Его тащили, тянули, рвали за футболку, угрожающе кричали, он как окоченел – уперся руками и ногами. Ему почему-то казалось, что тут его не тронут, не зарежут (испорчу кровью продукты! – мелькнула дурацкая мысль), а когда извлекут, обязательно прикончат. Или посадят на плиту. Это Вику представилось настолько реально, что ему показалось, будто его несчастная задница загорелась. Он даже хлопнул себя рукой, проверяя. Нет, пока не горит.

Тут что-то произошло: тетки и дядька закричали, куда-то побежали.

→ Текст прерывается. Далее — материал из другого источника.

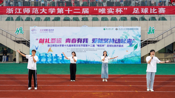 宣誓完毕后,林一钢宣布浙师大第十九届体育文化节暨第十二届“唯实杯”足球比赛正式开幕。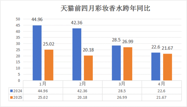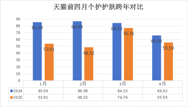 根據青眼情報會員數據,天貓美妝護膚**/個護、彩妝/香水兩大子賽道2025年一季度賣了251.38億,整體同比下滑32.5%。二季度第一個月,形勢仍持續惡化,天貓美妝這兩大子賽道賣了77.26億,同比下滑12.8%****。**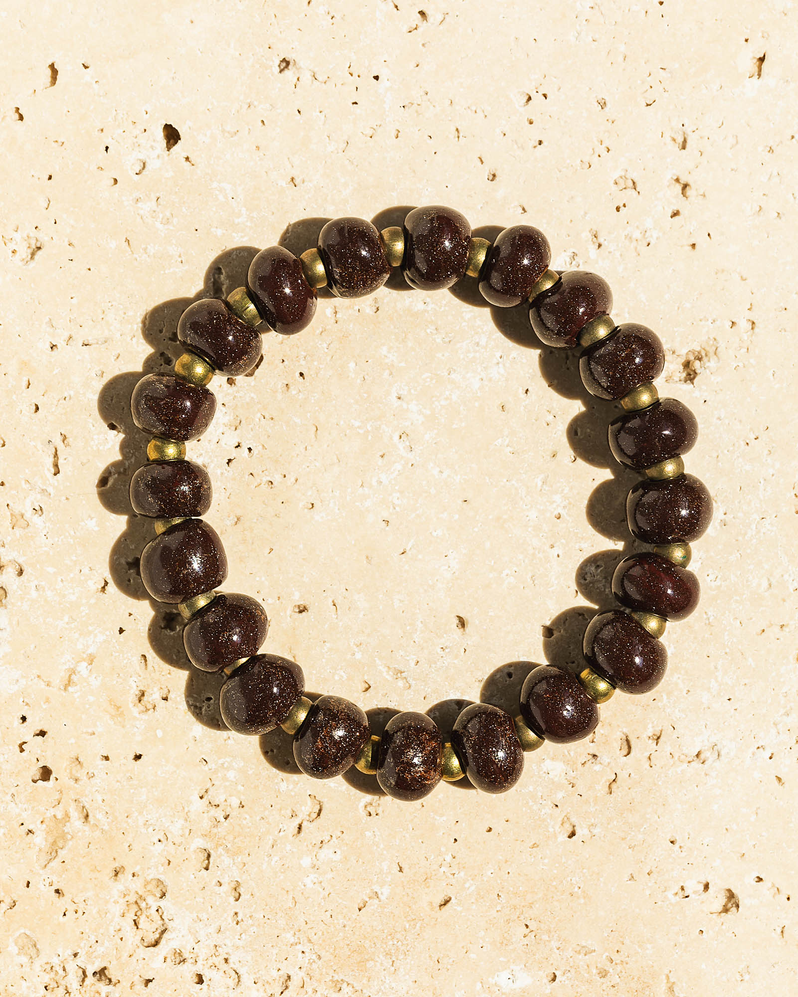 Measurements: Chrysalis Mini Pouch: 6" W x 4 3/4" H. Forged Light Bracelet: Stretch 6 3/4" Materials: Chrysalis Mini Pouch: Velvet, Neelam thread, Antique brass. Forged Light Bracelet: Haitian clay beads, Brass beads Color: Chrysalis Mini Pouch: Gold, Multicolored. Forged Light Bracelet: Brown, Gold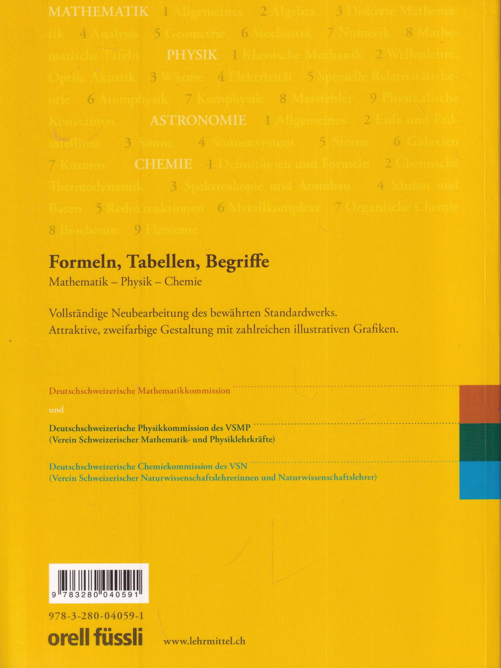 Das bewährte Schweizer Nachschlagewerk ist fundiert aufgearbeitet und stetig weiter verbessert worden. Eine vielfältige Auswahl an Wissensinhalte ermöglicht einen Einsatz in der Sekundarstufe II, wie aber in der tertiären Ausbildung. Die zweifarbige Gestaltung, die zahlreichen illustrativen Grafiken und das umfangreiche Stichwortverzeichnis machen das Werk zu einem praktischen Arbeitsinstrument und -begleiter. 'Formeln, Tabellen, Begriffe' wurde von Mitgliedern der Deutschschweizerischen Mathematikkommission (DMK), der Deutschschweizerischen Physikkommission (DPK) des VSMP und der Deutschschweizerischen Chemiekommission des VSN erarbeitet.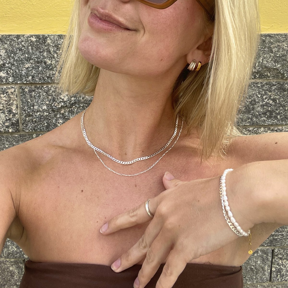 Frida Figaro Necklace er tilgængelig i både 24 karat forgyldning og sølv, så der er noget for enhver smag. Den fine udformning af figaro-stilen skaber en smuk kontrast mellem de varierede led, hvilket gør denne halskæde til et sublimt udtryk for personlig stil.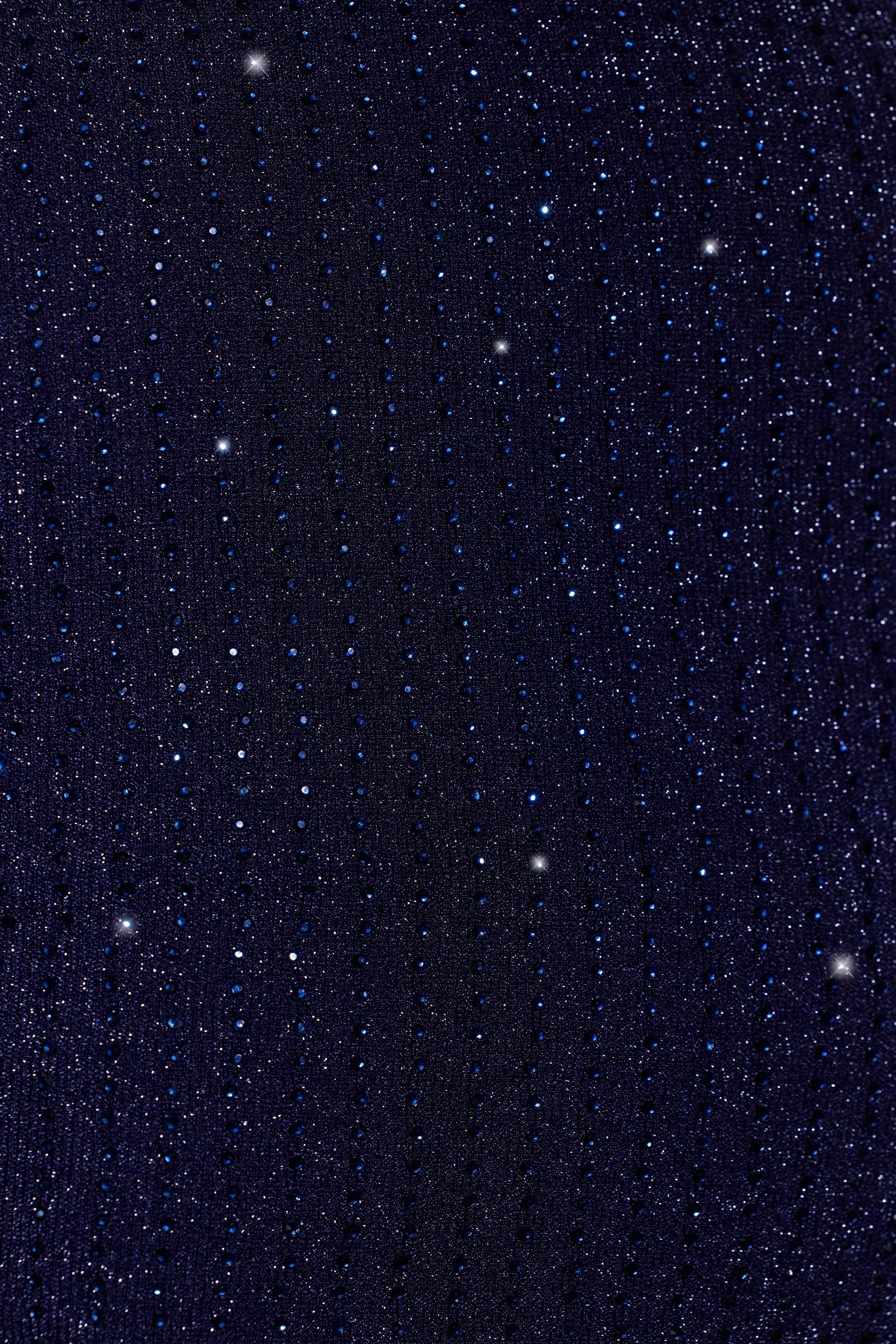 Stretch jersey fabric with metallic fibres and delicate hotfix embellishment throughout (Shell: 50% Polyamide, 45% Metallic Fibres, 5% Elastane, Lining: 85% Polyester, 15% Elastane). Fully lined with lightweight and stretchy 20D mesh. This garment contains delicate artisanal hand embellishment and it is normal that overtime embellishment may become loose. Additional embellishment has been provided for repairs.

Вик высунулся: никого. Он вылез и увидел улепетывающих с добычей Петьку и Аньку.

Пора и ему убираться. Он пригнулся, побежал вдоль шкафов, увидел дверь, шмыгнул в нее, попал в коридор, а там еще одна дверь, через которую он вырвался наружу, к боковой стороне столовой, где стояли баки для пищевых отходов.

Вик побежал к страбынетам, чувствуя, как сердце бешено колотится.

Но его беспокоило не это.

Он представлял, какими презрительными насмешками сейчас его встретят: спрятался, чуть не провалил задание!

Но его встретили смехом.

Анька, радуясь удаче, рассказывала:

– Гений! Просто гений! Залез в шкаф, надо же было придумать! Они вчетвером его вытащить не могли! Так увлеклись, что мы с Петькой свободно все взяли! Рисковал собой парень, между прочим!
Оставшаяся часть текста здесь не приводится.